§ **TRY IT**
Leave out the pictures and print precisely the lines from the line with "2025年对品牌来说是激烈迎" to the final line of the entries, both ends included.

====== THE RECORDS ======

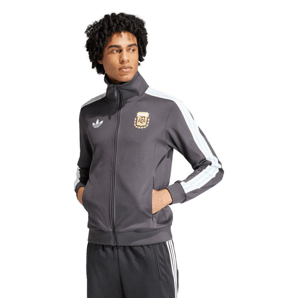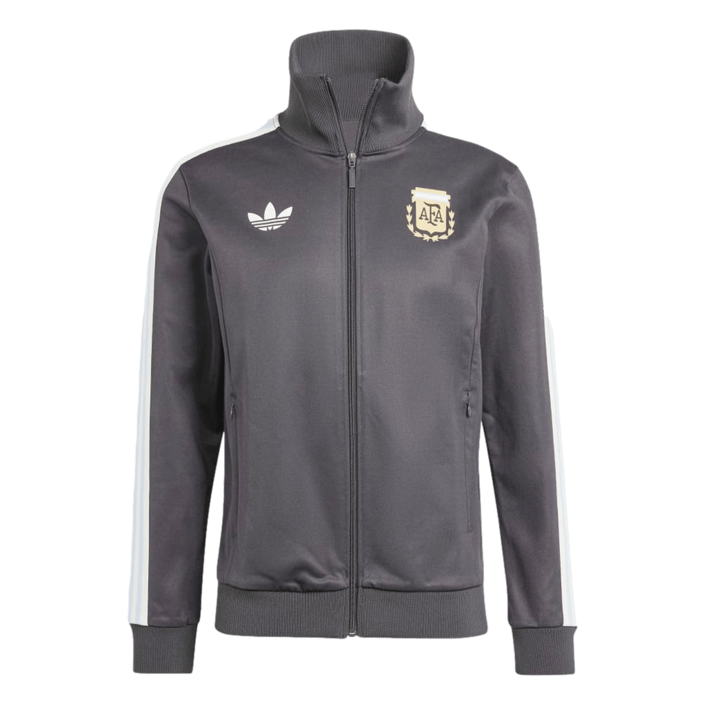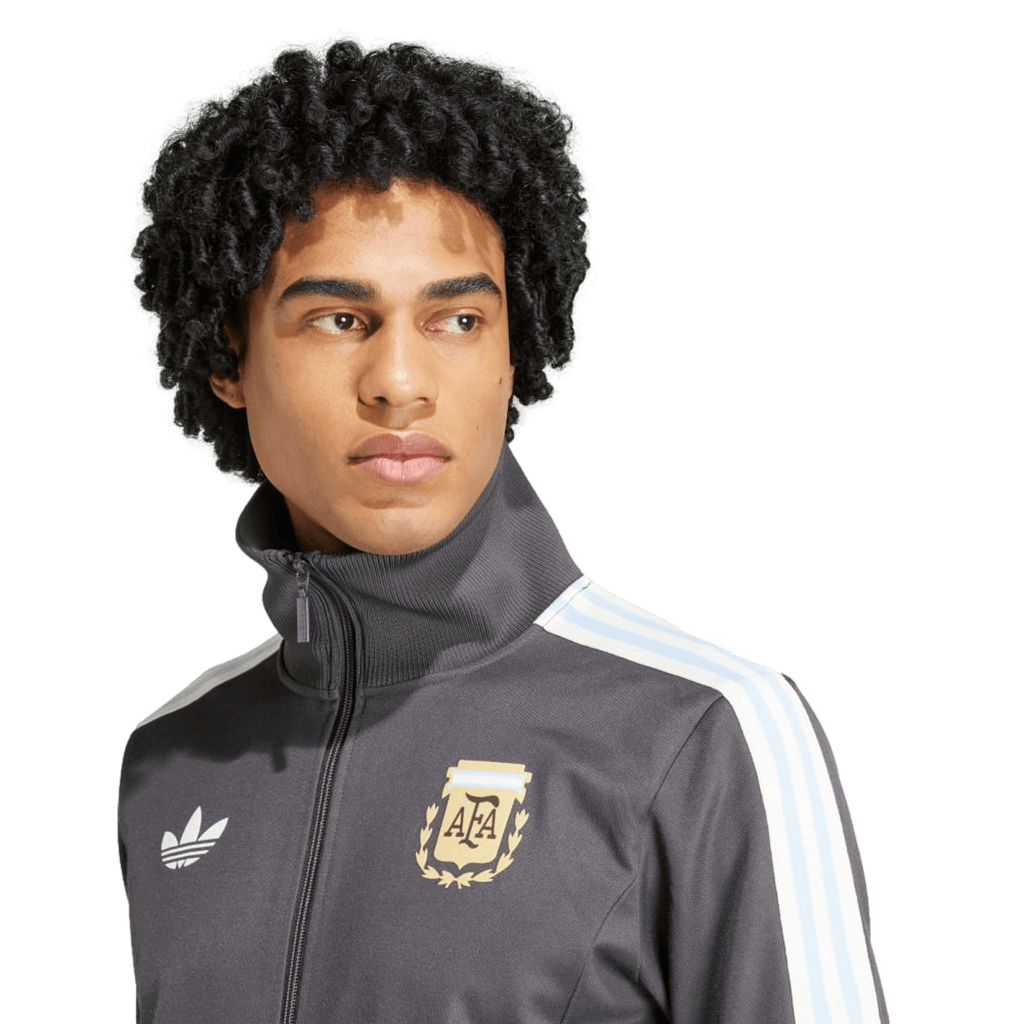 The Argentina Beckenbauer Track top is a modern staple with heritage-inspired details. Embrace an instantly recognizable look with the iconic adidas 3-Stripes and Trefoil on the solid black backdrop. The suede-printed Argentina badge creates a striking visual contrast so you can show your support for Argentina in a timeless look.
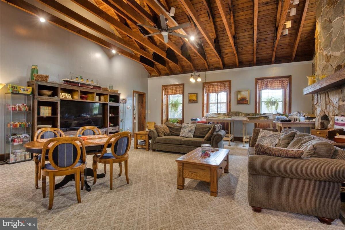 YOU CAN BE UNDER 55 to purchase this home. This is a home you need to see to appreciate. Old world charm and character that you just can't find in a new home. With a rich history dating back to 1840, this home seamlessly blends timeless elegance with modern comforts, creating a warm and inviting atmosphere that feels just like home. Step inside to discover a thoughtfully designed interior that boasts high-end features throughout. The heart of the home is the spacious kitchen, perfect for culinary enthusiasts, featuring an eat-in area that encourages casual dining and gatherings. The family room, AKA THE GREAT ROOM (estimate size 25 X 27) conveniently located off the kitchen, is adorned with exposed beams, adding character and charm to the space. This room has held many parties. With over 25 guests seated comfortably. Or imagine cozy evenings by the fireplace, where the flickering flames from one of the seven fireplaces create a serene ambiance. Retreat to the luxurious master suite, complete with a soaking tub in the bathroom, offering a perfect escape for relaxation. Each of the four bedrooms is generously sized, providing ample space for guests or hobbies. The home also features cedar closets, ensuring that your belongings are stored in style. The fully finished walkout basement adds an additional layer of versatility, perfect for entertaining or as a private retreat. There is also an old wine cellar if you chose to bring that back to life! Outside, the community amenities elevate your lifestyle to new heights. Enjoy leisurely afternoons by the community pool, or unwind in the hot tub after a workout in the fitness center. For those who enjoy staying active, the tennis courts offer a perfect venue for friendly matches. The indoor pool and sauna provide year-round relaxation and recreation options. With an expansive 0.36-acre lot and an asphalt driveway accommodating up to eight vehicles, this property offers both space and convenience. The driveway is shoveled and salted by the community. The association takes care of lawn maintenance, trash, and snow removal, allowing you to focus on enjoying your new home and the vibrant community around you. Experience the perfect blend of luxury, comfort, and community in this stunning residence at Riviera at Concord. Here, every day feels like a retreat, inviting you to embrace a lifestyle of ease and elegance.
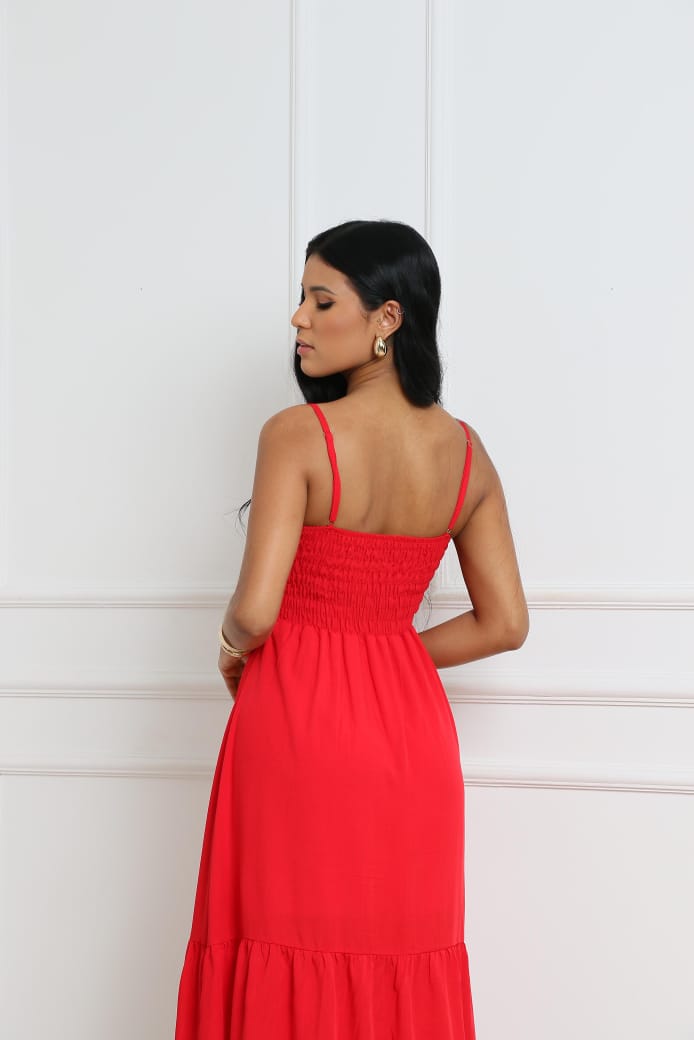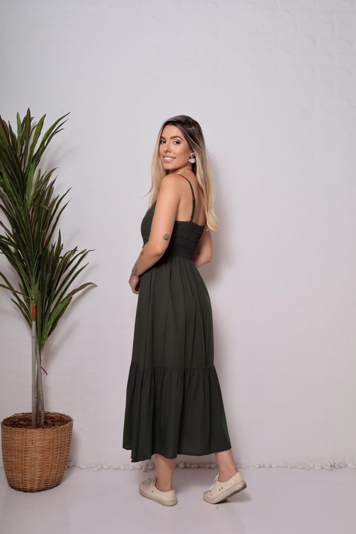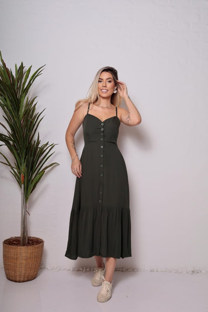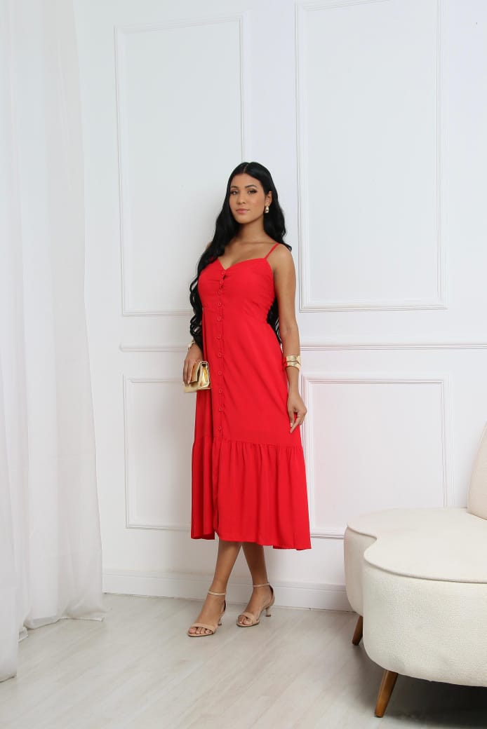 Vestido Midi em Viscolinho Premium, com botões frontais funcionais, forro interno e alças reguláveis que garantem ajuste perfeito e conforto. Modelagem fluida que valoriza o corpo com elegância e leveza. Disponível nos tamanhos M, G e GG.
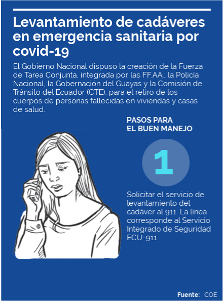 El Gobierno Nacional dispuso la creación de la Fuerza de Tarea Conjunta, integrada por las FF.AA., la Policía Nacional, la Gobernación del Guayas y la Comisión de Tránsito del Ecuador (CTE), para el retiro de los cuerpos de personas fallecidas en viviendas y casas de salud.
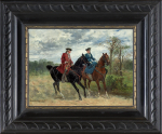Jan Chełmiński (Brzustów k. Opoczna 1851 – Nowy Jork 1925) popularny malarz z kręgu „polskich monachijczyków“, naukę rozpoczął u Juliusza Kossaka, a następnie kształcił się w warszawskiej Klasie Rysunkowej oraz w Monachium - w Akademii u Alexandra Strähubera i Alexandra Wagnera (1873-1875) i prywatnych pracowniach Józefa Brandta (1875) i batalisty Franza Adama (1876). Po studiach przebywał już stale za granicą - w Monachium, Londynie (lata 1882, 1888-1899), Paryżu (1899), jeździł do Petersburga (1889) i Nowego Jorku (1884), gdzie później, około 1915 zamieszkał na stałe. Nie zerwał jednak kontaktów z krajem, a swoje prace często przesyłał na warszawskie wystawy. Jego obrazy cieszyły się ogromnym powodzeniem. Malował przede wszystkim sceny wojskowe i batalistycznie, najchętniej z czasów Księstwa Warszawskiego i wojen napoleońskich, a także obrazy rodzajowe i epizody z polowań. Zajmował się ilustracją książkową; m.in. ilustrował tom myśliwskich opowiadań Theodora Roosevelta. Był kolekcjonerem dawnej broni i wybitnym znawcą żołnierskiego umundurowania. Wiele obrazów artysty wciąż znajduje się za granicą - w Anglii, Niemczech czy Stanach Zjednoczonych. Nieliczne z nich pojawiają się w sprzedaży antykwarycznej, stale budząc żywe zainteresowanie zbieraczy.
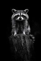Een ondeugende wasbeer, neergestreken op een verweerde houten boomstam, springt in het oog met zijn grote, nieuwsgierige ogen en opvallende gezichtsmasker. Het zwart-wit contrast geeft de afbeelding een mysterieuze uitstraling die levendige gesprekken in een woonkamer kan stimuleren. Ideaal als warm accent met een vleugje natuur.
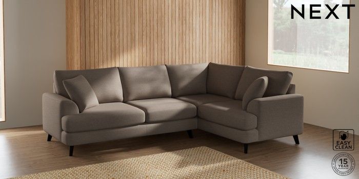 7.2.5 Buy Parker Medium Corner Sofa - Right Hand Fine Chenille Easy Clean Mid Taupe Brown Low Retro Tapered - Dark from the Next UK online shop Click here to use our accessible website
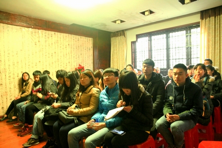 在报告会上,关山村原村长向霞光分别从关山村的基本情况、六年发展致富的经验以及未来的发展规划三个方面向在场老师和学生介绍关山村由“穷”到“富”的历程。
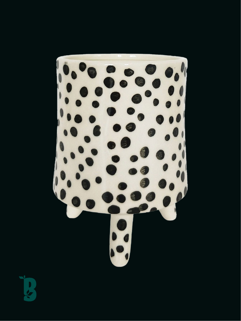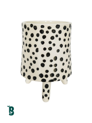 Add a playful pop to your plant collection with the Speckled Stilt Planter. This 9.5cm white planter, adorned with charming black dots and perched on little legs, is a perfect blend of quirky and chic. Its unique design makes it an eye-catching base for your favourite greens, adding character to any space with ease.
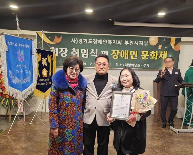 1년 한 해 봉사한 공로를 인정받은 신천지자원봉사단 부천지부(지부장 김규찬·이하 부천지부)가 지난 19일 부천 채림웨딩홀에서 열린 ‘2024년 경기도장애인복지회 부천시지부 회장 취임식 및 장애인 문화제’에서 부천지부 김태연 총괄이 대표로 부천시의회 의장으로부터 표창을 받았다.
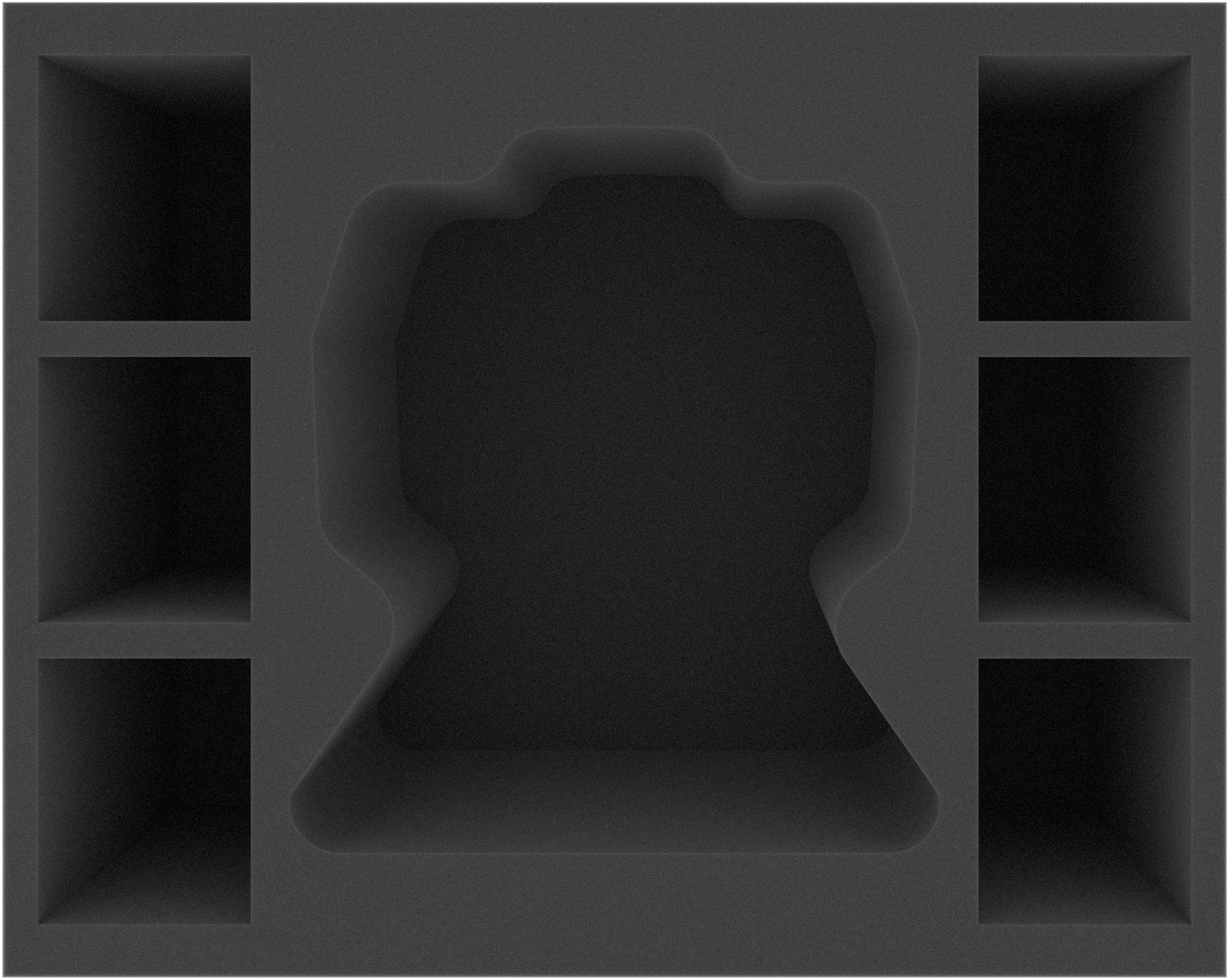 Un grande scomparto al centro è fatto su misura per un modello del Cavaliere Castellano. Qui ci sta anche un Cavaliere Valiant. Il taglio su misura assicura che la miniatura sia saldamente imballata nella schiuma tutt'intorno e che non accada nulla alla figura mentre si dirige verso il piano del tavolo. Il modello giace al sicuro e fissato al suo posto e i colori del Cavaliere dipinto sono protetti in modo ottimale da graffi e abrasioni.
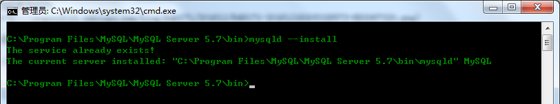 3、输入 "mysqld --install",回车,如下图(之前我已经注册过服务,所以会提示服务已经)
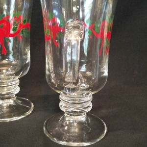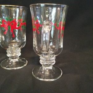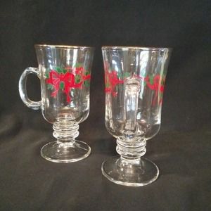 2 Vintage Libbey Clear Glass Pedestal Christmas Bow Irish Coffee Mugs Gold Trim
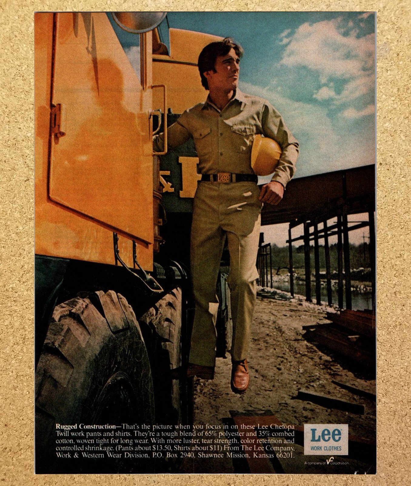 Lee Work Clothes Rugged Constuction Site Worker Print Ad Poster Promo Art 1970s
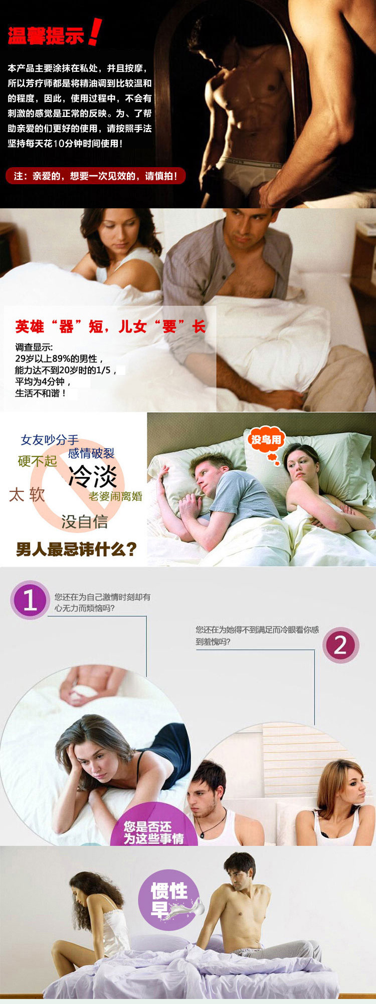 2, the penis enlarged more than 20%, the growth of 2-3 cm, let you be more powerful, more pleasure spot; woman's pleasure is greatly enhanced when sexual intercourse, vaginal secretions, more, more easily achieve orgasm.
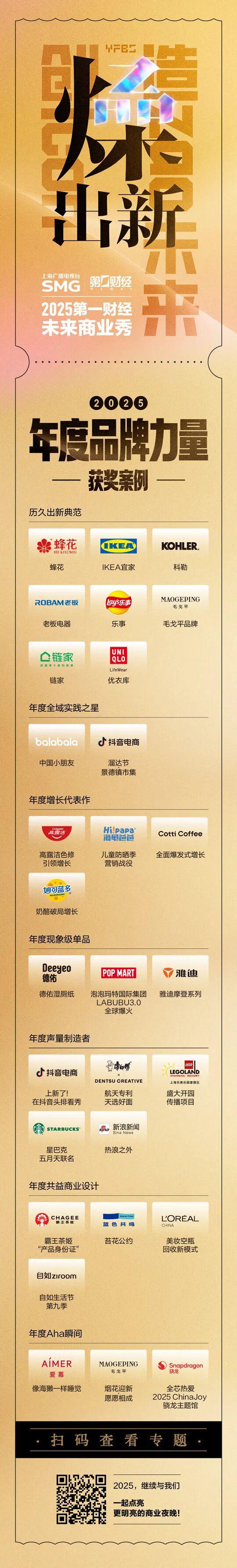 2025年对品牌来说是激烈迎战、直面挑战的一年。在“历久出新典范”的案例中,我们表彰能够经受时间考验与周期冲击的经典品牌——蜂花、IKEA宜家、科勒、老板电器、乐事、毛戈平品牌、链家、优衣库这8个品牌,乘风破浪,秉持经典,不忘创新。
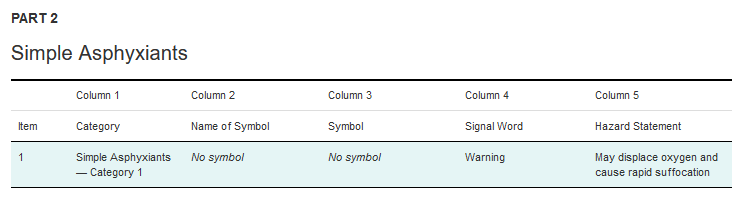 Simple Asphyxiant GHS Classification
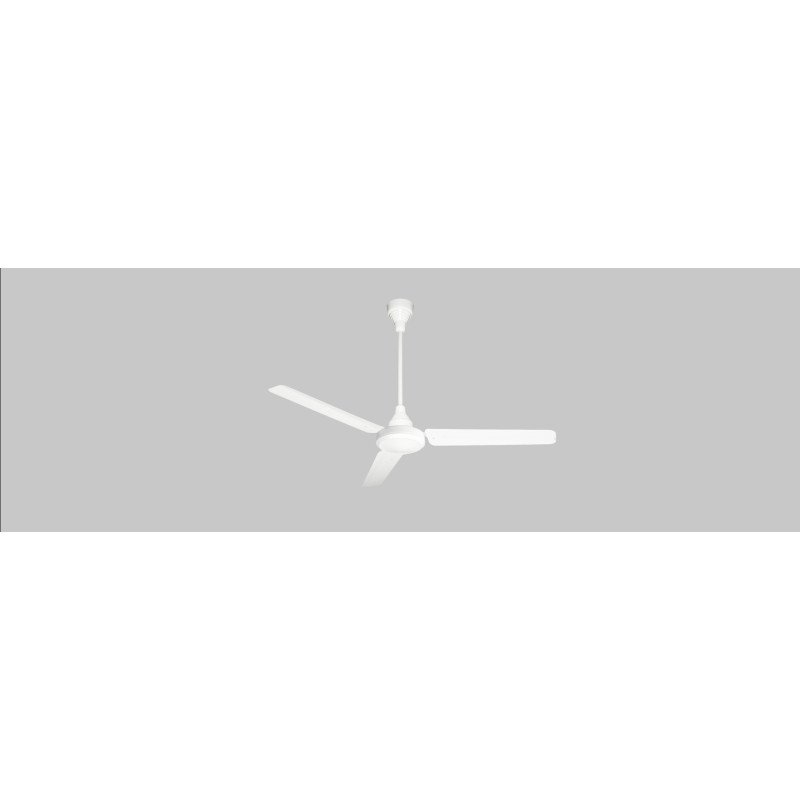 Ventilatori da soffitto di colore bianco. Possibilità di inversione del senso di rotazione delle pale. L’utilizzo sia estivo che invernale del ventilatore rende più omogenea la temperatura dell’ambiente. Indicati per la destratificazione dell’aria. Disponibili con Ø pale da 90, 120, 140 e 150 cm. Corpo motore in pressofusione d’alluminio. Motore su cuscinetti a sfera per una lunga durata. Velocità regolabile tramite regolatore opzionale. Specifiche tecniche: Dimensioni: Diametro pale: 150cm. Altezza: 32cm. Altezza complessiva: 39cm. Tensione: 230V. Frequenza: 50Hz. Portata minima m3/h: 16000. Potenza: 62W.

======

§ **RESPONSE TO THIS TASK**
 2025年对品牌来说是激烈迎战、直面挑战的一年。在“历久出新典范”的案例中,我们表彰能够经受时间考验与周期冲击的经典品牌——蜂花、IKEA宜家、科勒、老板电器、乐事、毛戈平品牌、链家、优衣库这8个品牌,乘风破浪,秉持经典,不忘创新。
 Simple Asphyxiant GHS Classification
 Ventilatori da soffitto di colore bianco. Possibilità di inversione del senso di rotazione delle pale. L’utilizzo sia estivo che invernale del ventilatore rende più omogenea la temperatura dell’ambiente. Indicati per la destratificazione dell’aria. Disponibili con Ø pale da 90, 120, 140 e 150 cm. Corpo motore in pressofusione d’alluminio. Motore su cuscinetti a sfera per una lunga durata. Velocità regolabile tramite regolatore opzionale. Specifiche tecniche: Dimensioni: Diametro pale: 150cm. Altezza: 32cm. Altezza complessiva: 39cm. Tensione: 230V. Frequenza: 50Hz. Portata minima m3/h: 16000. Potenza: 62W.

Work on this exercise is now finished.